**What is expected**
Leaving out every picture, retype the lines below from the top through the one that contains "in peoples behaviour.".

[[ Dataset content open ]]

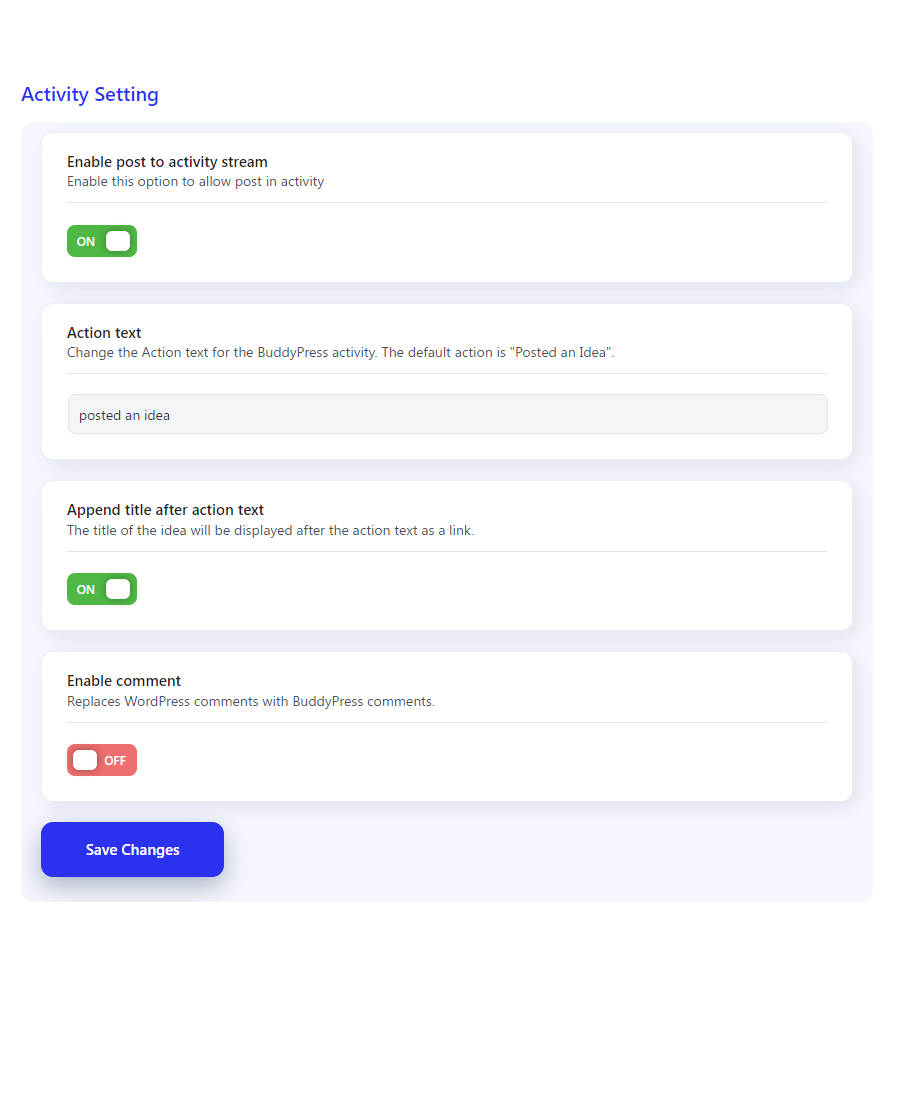 - Configuration settings to Show/Hide idea tab on BuddyPress Profile
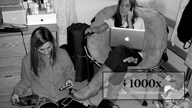 – The cost of communication is down by a thousand times. Here you can see a typical picture of two college girls who are extremely focused on other things than themselves. You can see a clear change in peoples behaviour.
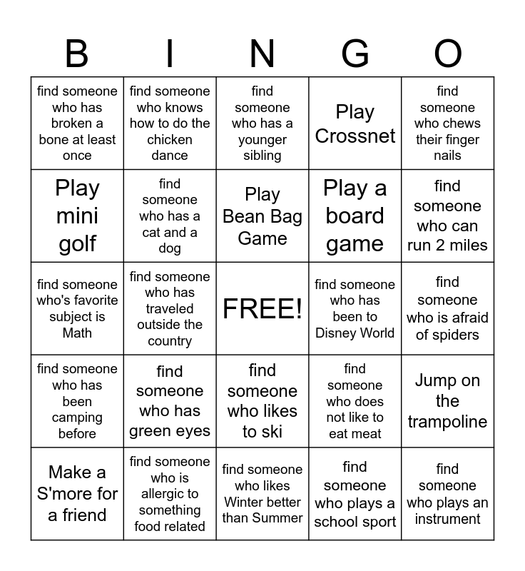 This bingo card has a free space and 30 words: find someone who is allergic to something food related, find someone who has a birthday in July, find someone who has traveled outside the country, find someone who has never been on an airplane, find someone who has broken a bone at least once, find someone who has a younger sibling, find someone who has a cat and a dog, find someone who likes to ski, find someone who has been to Disney World, find someone who likes Winter better than Summer, find someone who is afraid of spiders, find someone who plays an instrument, find someone who plays a school sport, find someone who has seen a Broadway play, find someone who can run 2 miles, find someone who is wearing earrings, find someone who does not like to eat meat, find someone who has been camping before, find someone who has green eyes, find someone who chews their finger nails, find someone who's favorite subject is Math, find someone who likes to speak in public, find someone who knows how to do the chicken dance, Play a board game, Play mini golf, Play Crossnet, Jump on the trampoline, Make a S'more for a friend, Play Bean Bag Game and Sing a Song.
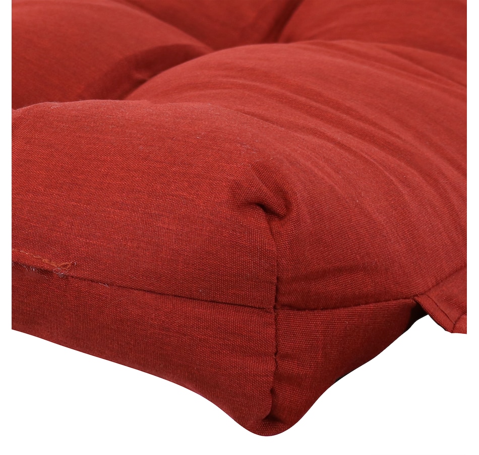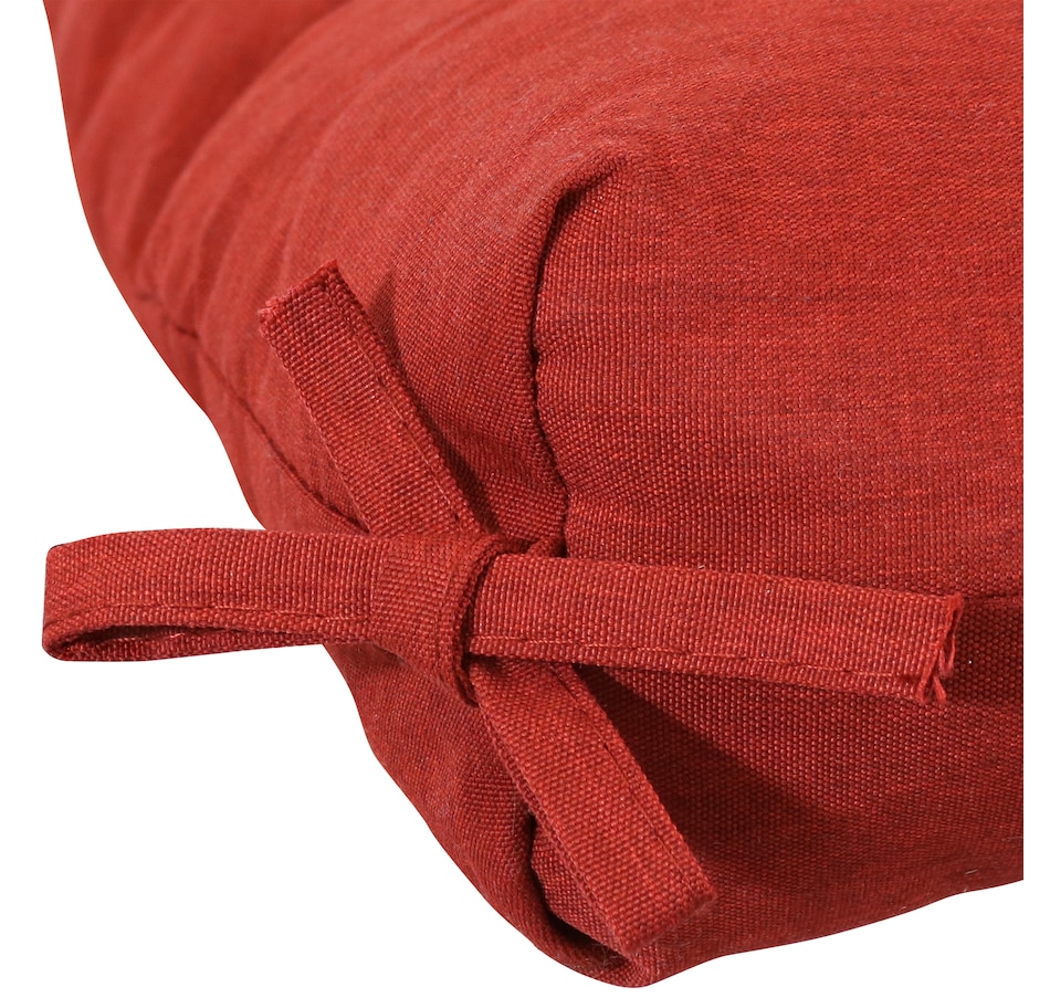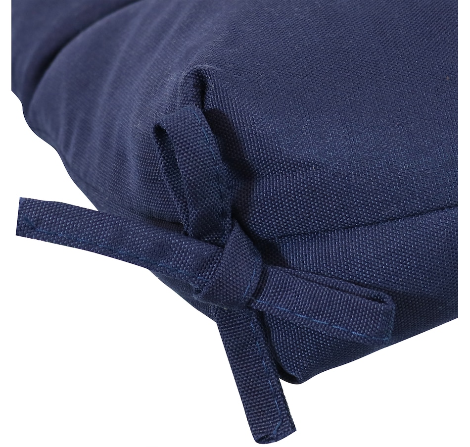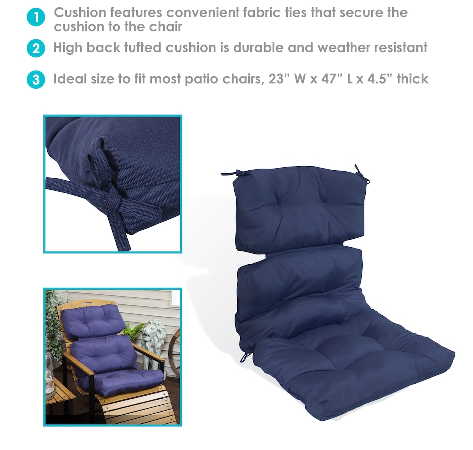 Add comfort and color to the patio furniture with this cozy, high back patio cushion. This high back, tufted cushion is designed for use with patio chairs, hanging chairs, or any other seated design, and will effortlessly add a vibrant pop of color to your deck, front porch, or lawn. This durable, high back dining chair cushion is made from durable fabric for weather resistance and has a plush polyester filling for comfortable seating. This high back garden chair cushion features convenient fabric ties that can be used to secure the cushion to the chair. Plus, it is easy to maintain. Simply spot wash with a mild detergent to get rid of any stains or marks. These versatile pillows are wonderful accessories to make your porch, garden, patio and indoor living areas a comfortable place to unwind and relax. Even use these pillows to add pops of color or vibrancy to any space.

[[ Dataset content closed ]]

**Answer to the problem**
 - Configuration settings to Show/Hide idea tab on BuddyPress Profile
 – The cost of communication is down by a thousand times. Here you can see a typical picture of two college girls who are extremely focused on other things than themselves. You can see a clear change in peoples behaviour.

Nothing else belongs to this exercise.